##### Task data
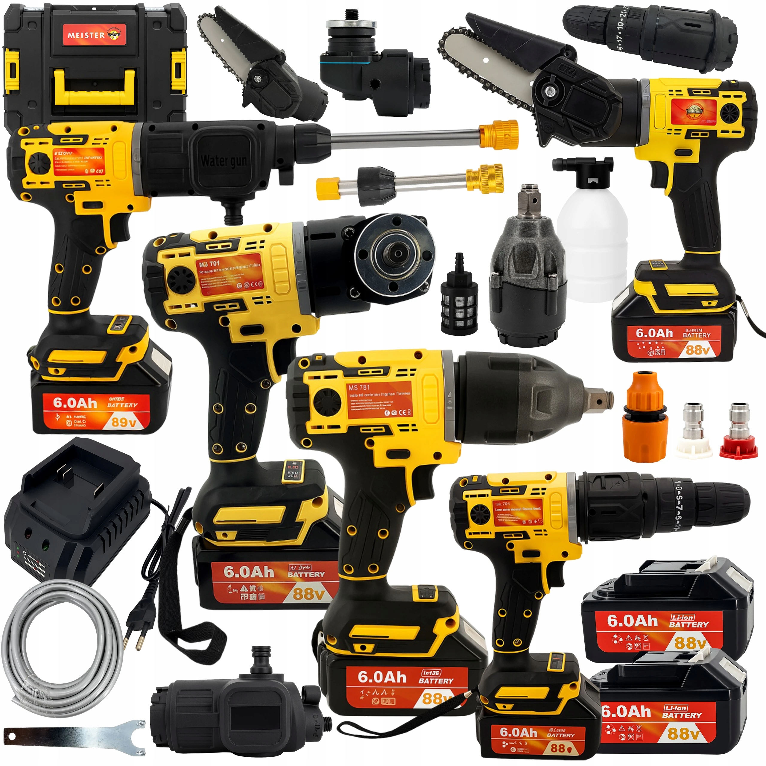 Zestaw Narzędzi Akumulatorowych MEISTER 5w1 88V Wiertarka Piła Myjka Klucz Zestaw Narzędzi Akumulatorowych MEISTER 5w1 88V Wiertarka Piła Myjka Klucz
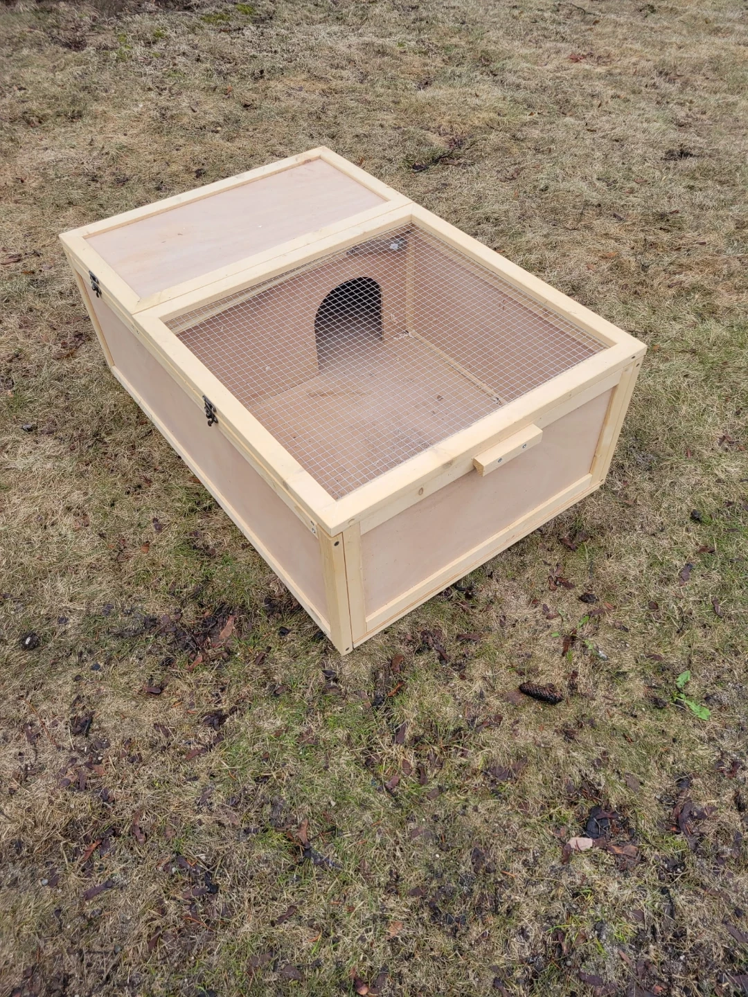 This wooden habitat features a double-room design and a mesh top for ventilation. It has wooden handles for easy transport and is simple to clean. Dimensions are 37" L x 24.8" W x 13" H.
##########
##### Task data
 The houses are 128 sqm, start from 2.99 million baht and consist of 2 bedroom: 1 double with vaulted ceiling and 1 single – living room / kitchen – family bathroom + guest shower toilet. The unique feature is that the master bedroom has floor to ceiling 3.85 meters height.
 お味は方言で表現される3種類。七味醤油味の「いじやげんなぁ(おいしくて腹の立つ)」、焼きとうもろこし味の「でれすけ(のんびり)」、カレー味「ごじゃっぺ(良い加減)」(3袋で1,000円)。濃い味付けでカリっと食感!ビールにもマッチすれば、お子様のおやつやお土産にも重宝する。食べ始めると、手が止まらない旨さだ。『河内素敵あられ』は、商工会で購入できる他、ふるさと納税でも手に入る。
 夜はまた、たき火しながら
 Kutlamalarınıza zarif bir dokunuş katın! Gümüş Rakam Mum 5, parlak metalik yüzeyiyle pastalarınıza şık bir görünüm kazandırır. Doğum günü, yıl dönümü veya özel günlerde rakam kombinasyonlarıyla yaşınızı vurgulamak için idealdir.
##########
##### Task data
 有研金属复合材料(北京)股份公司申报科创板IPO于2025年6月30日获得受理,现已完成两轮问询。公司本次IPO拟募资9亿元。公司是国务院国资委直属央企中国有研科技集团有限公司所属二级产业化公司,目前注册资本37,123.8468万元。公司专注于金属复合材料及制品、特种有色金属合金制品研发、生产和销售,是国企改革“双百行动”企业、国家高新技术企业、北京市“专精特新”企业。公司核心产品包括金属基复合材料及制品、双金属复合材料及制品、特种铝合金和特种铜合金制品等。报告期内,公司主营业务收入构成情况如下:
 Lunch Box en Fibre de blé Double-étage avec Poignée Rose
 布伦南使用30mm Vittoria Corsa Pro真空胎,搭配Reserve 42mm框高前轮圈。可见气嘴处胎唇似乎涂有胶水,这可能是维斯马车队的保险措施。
##########
**Prompt**:
Every line above from the one with "Myjka Klucz Zestaw" down to the one with "This wooden habitat" must be written out exactly, and no picture may appear.

**Exercise output**:
 Zestaw Narzędzi Akumulatorowych MEISTER 5w1 88V Wiertarka Piła Myjka Klucz Zestaw Narzędzi Akumulatorowych MEISTER 5w1 88V Wiertarka Piła Myjka Klucz
 This wooden habitat features a double-room design and a mesh top for ventilation. It has wooden handles for easy transport and is simple to clean. Dimensions are 37" L x 24.8" W x 13" H.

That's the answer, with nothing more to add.